Women who love too much aren’t very interested in metaphysical sins of this nature. Squandering their child’s college-savings fund, throwing acid at the legal wife, abandoning their bodies to violence, self-imprisonment, subsidizing their man’s drug habit by prostitution, catatonic depression, drunk driving, these are the kinds of practical sins that preoccupy them, and in comparison to them my sins of thought and feeling turn white as snow. Well, maybe not quite white, but you could certainly say they pale in comparison.
It’s not the fact that I have no sensational sins that prevents me from confessing to the group. The problem is the language. They are all guilty of “co-dependency,” they all want to free themselves of “harmful relationships” and make themselves fit for “meaningful relationships.” They are all trying “to develop their spiritual aspect,” to “grow emotionally,” “to be in touch with their feelings”—whatever the hell that means — and all of them without exception believe in the liberating effect of archaeology. As a consequence of this belief they carry out energetic excavations in their family history, and on bad nights I definitely find their stories gripping.

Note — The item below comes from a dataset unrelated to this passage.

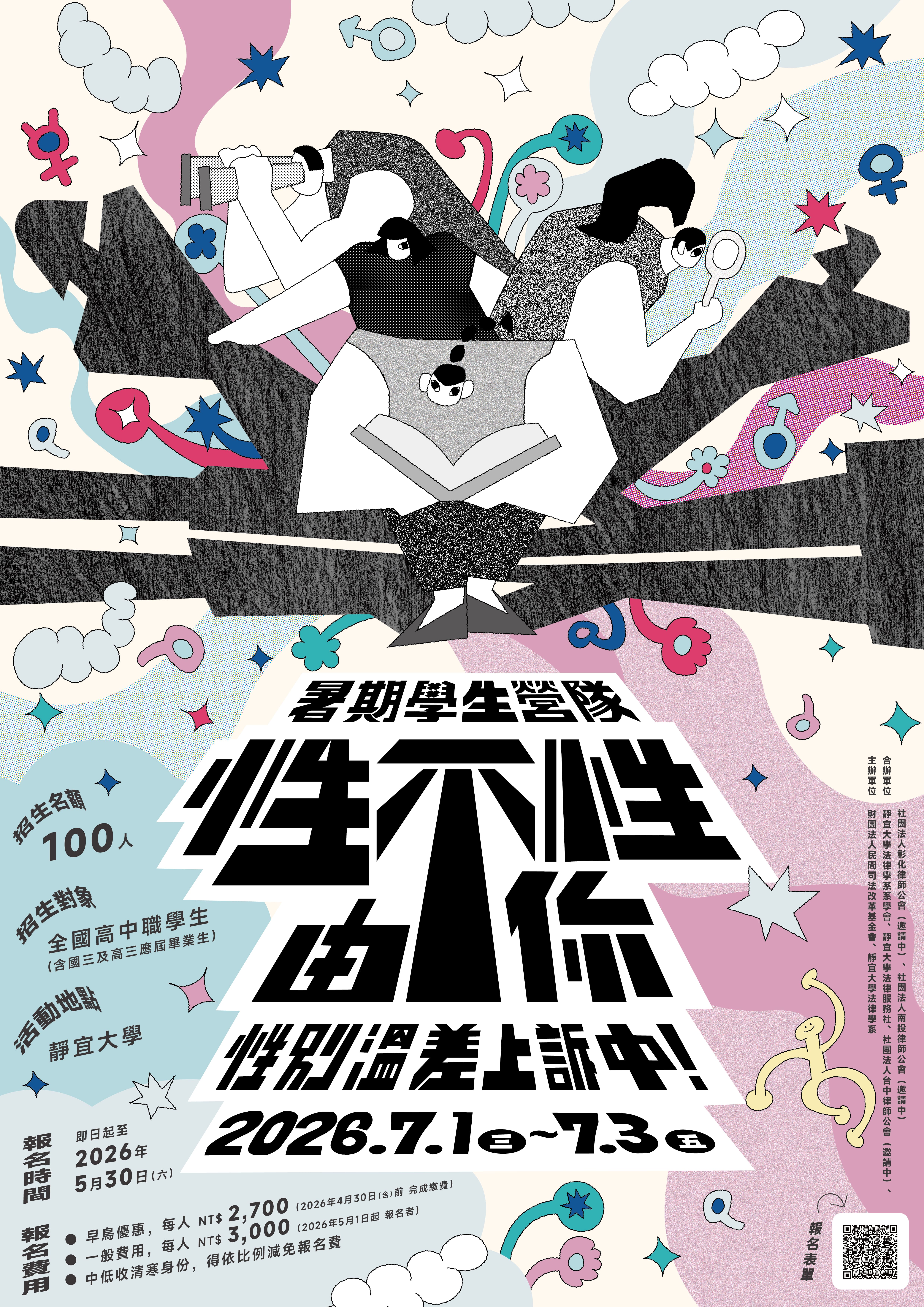 | 公告主旨 | 靜宜大學法律學系與財團法人民間司法改革基金會共同辦理暑期學生營隊【性不性由你—性別溫差上訴中!】 |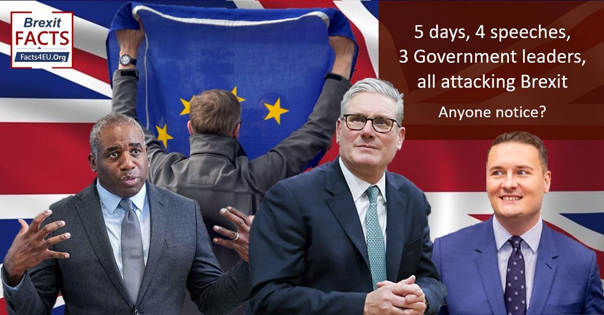 Three senior members of the government – PM Sir Keir Starmer, Deputy PM David Lammy, and Health Secretary Wes Streeting – all made speeches last week claiming it was clear the UK doesn’t work outside the EU. As it was a Manifesto promise to accept Brexit, the PM didn’t actually say anything about rejoining the EU, its Customs Union or Single Market.

Senile Sandy from Seattle, for example, had an alcoholic father and an alcoholic grandfather, which in her opinion and that of the group explains the “co-dependency” she has with her clown. Brainless Betty from Boston has no history of alcoholism in the family, but she had a neglectful mother who to this day is still a compulsive overeater. And it’s certainly touching to read how little Betty used to hide the bread in hopes of saving something for her school sandwich from her mother’s nightly kitchen raids. Except that according to Betty’s and the rest of the group’s logic, a mother who loves food sentences her daughter to a lifetime of compulsive love, and at that point I stop being touched and begin to laugh.
On a number of occasions I was tempted to make the girls happy and join the party at last by cooking up some sort of terminal explanation for my case. An eloquent etiology of my disease. Ready? Yes, they’re all ready. So what happened to me, girls, is that my father was hardly ever at home, my heroic father was in the army with men and other women, he was with other women a lot, and I never had a real home either, because the first eight years of my life I spent in the children’s house on a kibbutz. Allow me to confine myself for a moment to the story of the kibbutz.
Kibbutz, girls, do you have any idea of what a kibbutz is? No, of course you don’t, because the only people who know what a kibbutz is are those who grew up on one, like me. If there are any Jewish souls among you, if you grew up on the propaganda of the Jewish National Fund, kindly forget the fishermen spreading their nets, the female tractor driver and the suntanned women picking oranges and smiling photogenic smiles from the tops of their ladders. A kibbutz, my sisters, is not a poster, and even though the children’s house covered in ivy and bougainvillea looks like the Garden of Eden in the photographs, that’s what the island in Lord of the Flies looked like in the beginning, too.